First, the company has seen sales normalize in the last few quarters after the post-COVID slowdown. The company’s model of more “affordable” offerings is resonating with consumers in a weaker European environment. Moreover, given the low online penetration of furniture/homewares sales, I expect that the company can still grow sales by at least a double-digit (i.e., +10% or more) rate for the foreseeable future.
Second, in late 2022, the company began to roll out its marketplace offering, starting in France and continuing to other countries during the second half of 2023. While this should be beneficial to consumers who can access a much wider selection (SKU count has gone from 10k to >100k), the biggest benefit is to the company’s underlying earnings power. Marketplace sales - i.e., a commission on a sale - require little to no incremental capital or expense, which means that the flow through to EBITDA should be almost 100%.

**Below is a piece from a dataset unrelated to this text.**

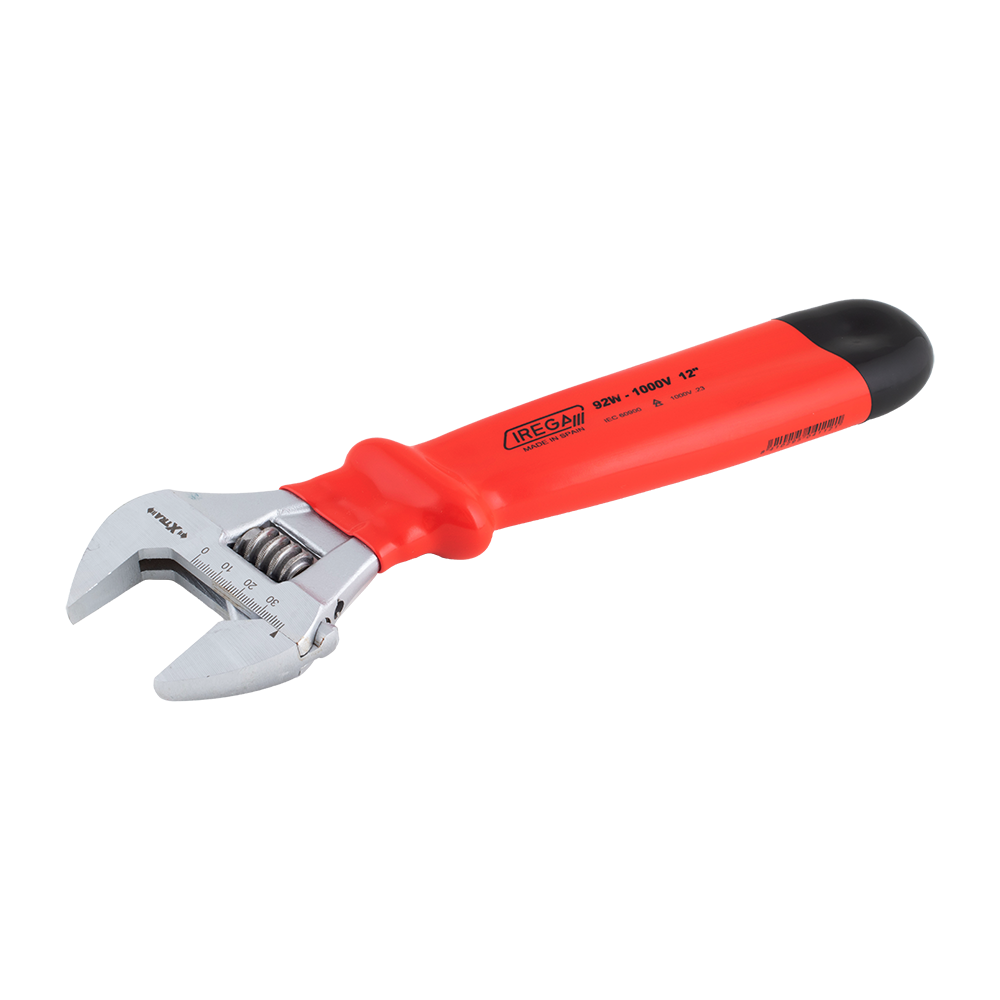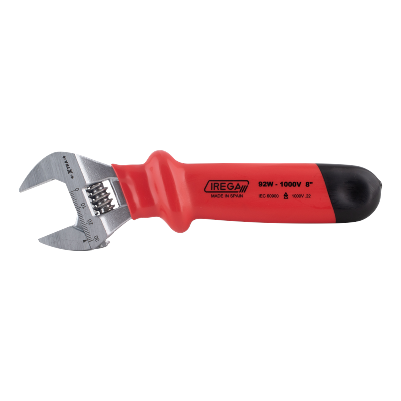 Introducing the Irega Adjustable Wrench with Insulated Handle, designed for tasks involving voltage or proximity to voltage installations at up to 1,000V AC and 1,500V DC. Available in sizes ranging from 6” to 12”, this model boasts an impressive 25% XTRA capacity, enabling operation across a broader spectrum of nuts and bolts without changing wrench sizes. Its four-thread knurl ensures a secure grip, while its lightweight and compact design delivers exceptional ergonomics and performance. The handle features three layers of “Plastisol” insulation in distinct colors - Red (SAFETY), Orange (CAUTION), and Yellow (STOP USING) - facilitating easy inspection of insulation condition. This flame-retardant, insulated material guarantees safety within temperatures spanning -20ºC to 70ºC. Crafted entirely in Spain, it’s a testament to quality and innovation.

In the first half of FY23, ALVU reported >€400k in commissions as the marketplace began ramping up in France. While the annual report is not out yet, I estimate that ALVU generated >€1m in marketplace revenue (about ~€15m in GMV). While this seems small, I think the marketplace will likely grow very quickly over the next couple of years (marketplace GMV is growing at about 30% QoQ, by my estimate). The company reported, for instance, that marketplace GMV in France represented about 15% of the total in September 2023. Assuming that total marketplace GMV can reach ~20% of the total by FY25, marketplace revenue/EBITDA could reach about €4m.
If you look at historical numbers, the company has generated a ~7% EBITDA margin on its own first-party sales. If you assume that they can grow sales at 12% over the next two years with flat 1p margins and then layer on the marketplace revenue (at 100% EBITDA margins), total EBITDA should grow to ~€18m in FY25 (at a ~9% margin). That’s a substantial number on a ~€100m EV.
Importantly, marketplace GMV could accelerate further as the company rolled out marketplaces in Germany, Belgium, and Switzerland at the end of Q4 and will expand to the Netherlands and Portugal this coming year.
Given the acceleration in revenue and the higher returns from the shift into a marketplace model, I would expect a substantial re-rating in the shares. While I don’t expect ALVU shares to trade to the level of peers, I think shares could easily re-rate to a low-double-digit (LDD) or mid-teens multiple. At 12x EBITDA, the shares could be worth €25, or about 90% upside to the current price.
Capital allocation is also quite good for the size of the company. The company pays out dividends (~2% dividend) and repurchases shares occasionally.
Given the possibility of an inflection in earnings and the low starting valuation, I think Vente-Unique is quite compelling here. LONG (disclosure: I own shares).
Model
Catalysts
Ramping of new marketplaces (Germany, Belgium, Switzerland) and launch of new ones in FY24 (Netherlands, Portugal)
Earnings releases showing a lift in margins / more data on the marketplace.
A potential return of capital (special dividend?) as cash piles up on the B/S.
Risks
Furniture demand / macro situation weakens.
I could be wrong in my analysis/estimates of the marketplace benefit.
This is small and illiquid, so there’s a risk the market won’t care or won’t give it an adequate multiple.
Thanks so much for reading! Let me know if you have any thoughts, questions, or pushback in the comments below.
Have you looked at their German peer Westwing? Similarly cheap, returning to growth, repurchasing shares, and with a slightly higher end focus.
Interesting idea! Looks like they're historically not very capital efficient (low ROA, ROE, ROIC) paired with an inventory buildup. Nonetheless their projected EBITDA growth and NTM EV/EBITDA are compelling. Certainly on the watchlist for me.